#### SUPPLIED INFORMATION:
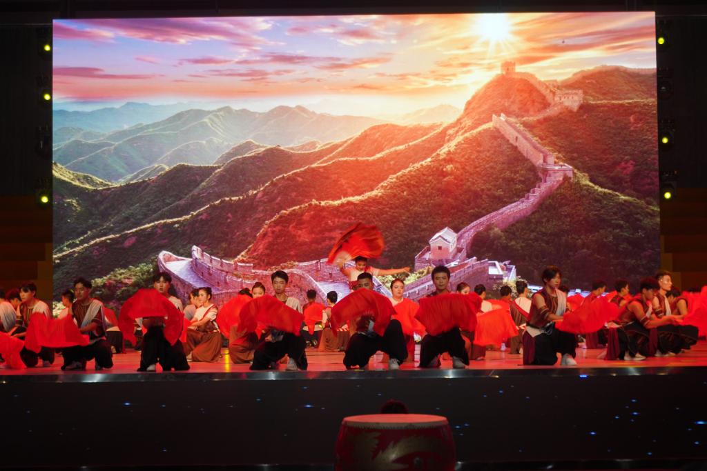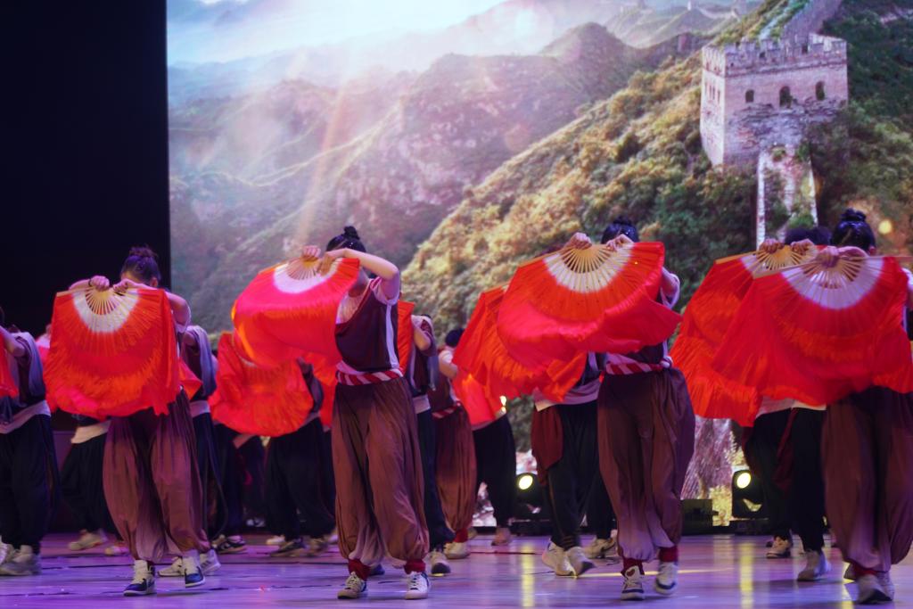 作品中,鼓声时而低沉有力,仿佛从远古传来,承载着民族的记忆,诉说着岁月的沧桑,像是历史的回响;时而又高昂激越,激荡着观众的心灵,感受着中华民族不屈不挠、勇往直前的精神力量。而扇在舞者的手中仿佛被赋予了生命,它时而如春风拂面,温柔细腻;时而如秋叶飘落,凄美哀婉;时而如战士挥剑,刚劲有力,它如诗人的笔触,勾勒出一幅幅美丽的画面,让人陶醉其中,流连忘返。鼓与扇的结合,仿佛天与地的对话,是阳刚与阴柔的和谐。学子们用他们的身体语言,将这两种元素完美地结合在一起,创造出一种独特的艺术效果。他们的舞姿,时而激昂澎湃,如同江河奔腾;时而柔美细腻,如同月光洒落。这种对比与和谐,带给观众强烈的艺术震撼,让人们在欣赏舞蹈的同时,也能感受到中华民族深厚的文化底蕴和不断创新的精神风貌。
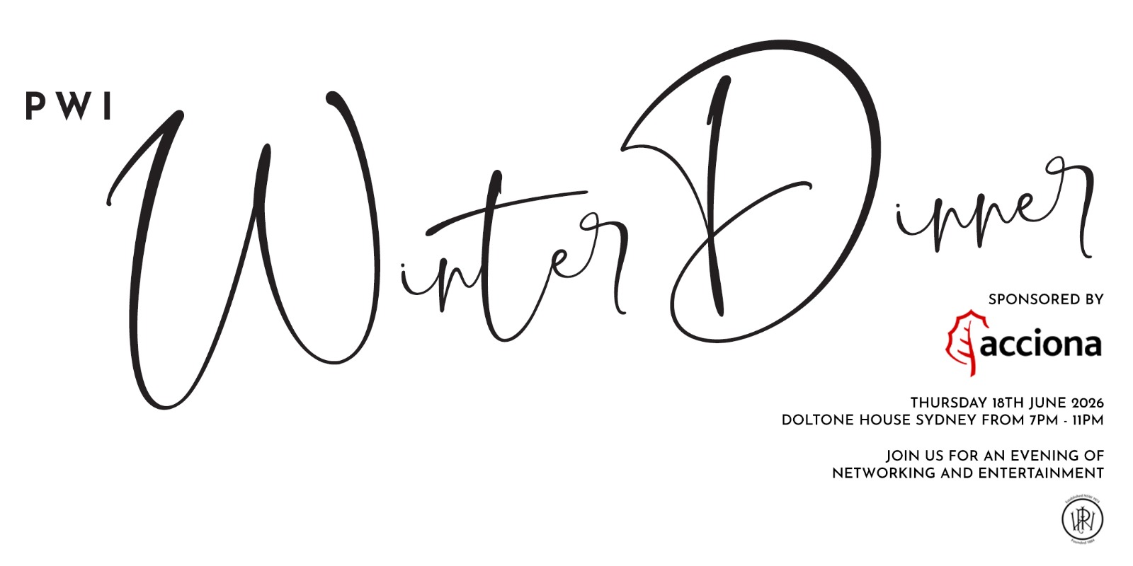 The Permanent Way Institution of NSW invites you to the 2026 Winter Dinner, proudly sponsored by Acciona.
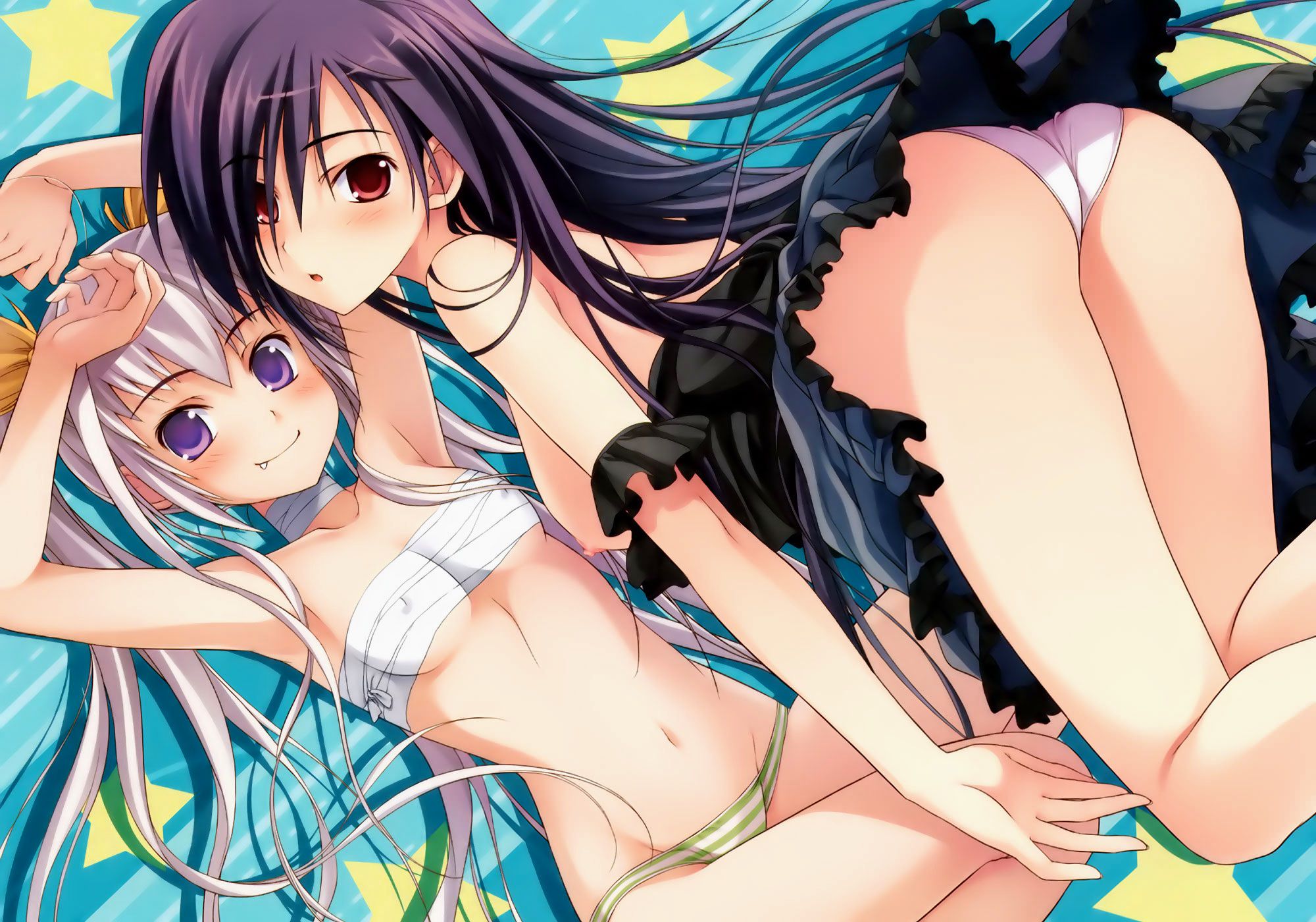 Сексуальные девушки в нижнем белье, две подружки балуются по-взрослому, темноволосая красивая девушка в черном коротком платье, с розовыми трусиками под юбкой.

#### WHAT YOU NEED TO DO:
With the pictures removed, write the listing out word for word.

#### SOLUTION TO THIS PROBLEM:
 作品中,鼓声时而低沉有力,仿佛从远古传来,承载着民族的记忆,诉说着岁月的沧桑,像是历史的回响;时而又高昂激越,激荡着观众的心灵,感受着中华民族不屈不挠、勇往直前的精神力量。而扇在舞者的手中仿佛被赋予了生命,它时而如春风拂面,温柔细腻;时而如秋叶飘落,凄美哀婉;时而如战士挥剑,刚劲有力,它如诗人的笔触,勾勒出一幅幅美丽的画面,让人陶醉其中,流连忘返。鼓与扇的结合,仿佛天与地的对话,是阳刚与阴柔的和谐。学子们用他们的身体语言,将这两种元素完美地结合在一起,创造出一种独特的艺术效果。他们的舞姿,时而激昂澎湃,如同江河奔腾;时而柔美细腻,如同月光洒落。这种对比与和谐,带给观众强烈的艺术震撼,让人们在欣赏舞蹈的同时,也能感受到中华民族深厚的文化底蕴和不断创新的精神风貌。
 The Permanent Way Institution of NSW invites you to the 2026 Winter Dinner, proudly sponsored by Acciona.
 Сексуальные девушки в нижнем белье, две подружки балуются по-взрослому, темноволосая красивая девушка в черном коротком платье, с розовыми трусиками под юбкой.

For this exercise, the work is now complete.